Sounds simple enough but again there turned out to be complications. Now it's not just split and consolidate that can invalidate grid pointers - now deleting a grid can also invalidate grid pointers. This means more recursive algorithms that need to be made iterative (such as deleting an entire subtree) and certain operations need to be done in a very specific order to avoid keeping more grid pointers around than are necessary. I now understand why such techniques are so rarely used - they're really difficult to get right. I do think that a general garbage-collected heap would be slower and use more memory than this special purpose allocator, but I'm not sure if difference would be large enough to make all this effort worth it. Perhaps someone will port my code to a garbage-collected language so the performance can be compared.
I'd like to be able to add some kind of sound output to my fractal program. What I'd like to do is generate a click every time a point is completed. So, when it's working on a difficult area it would emit a clicking sound but when it's finishing a lot of points it would generate white noise. The principle is very similar to that of a geiger counter's audio output.

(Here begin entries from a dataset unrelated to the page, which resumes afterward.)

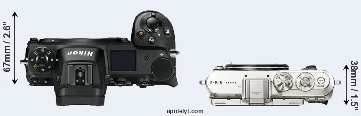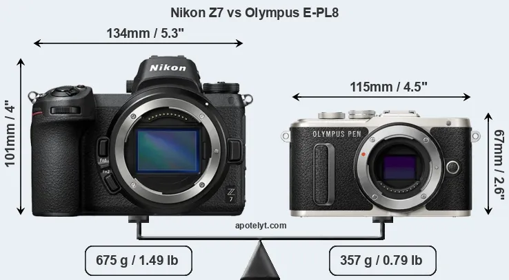 The side-by-side display below illustrates the physical size and weight of the Nikon Z7 and the Olympus E-PL8. The two cameras are presented according to their relative size. Three consecutive views from the front, the top, and the rear side are shown. All width, height and depth dimensions are rounded to the nearest millimeter.
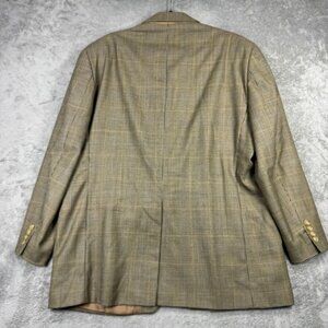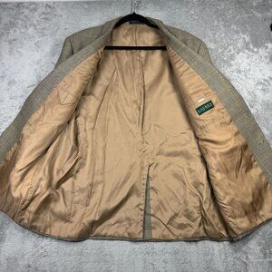 Lauren Ralph Lauren Houndstooth Plaid Wool Sport Coat Blazer Mens 46R Tan Preppy
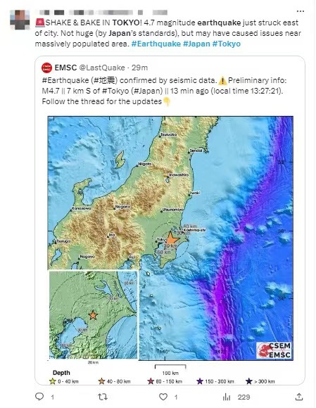報道稱,當地時間5日下午1點27分(北京時間中午12點27分)左右,日本千葉縣西北部發生4.5級地震,最大震度為(wei) 3,震源深度70公裏。

This is trivial to do under DOS, but in Windows it is surprisingly difficult. Ideally we want to generate a waveform at 44.1KHz. When we finish a point, we flip the current sample in the audio buffer between its maximum and minimum positions. The problem is determining what the current sample should be (or, alternatively, moving a pointer to the next sample 44,100 times per second). What we need is a high-resolution timer, but none of the high-resolution timers seem to be particularly reliable. timeGetTime() is too low-resolution. QueryPerformanceCounter() has bugs on some systems which cause it to skip backwards and forwards a few seconds on occasion. The RDTSC CPU instruction isn't guaranteed to be synchronized between CPUs, and its count rate may vary due to power saving features on some CPUs. Another possibility is reading the playback cursor position from DirectSound, but that is unreliable on OSes before Vista.
What I may end up doing is faking it - measure the average number of blocks completed over some small period of time and use that to generate the clicks via a Poisson distribution.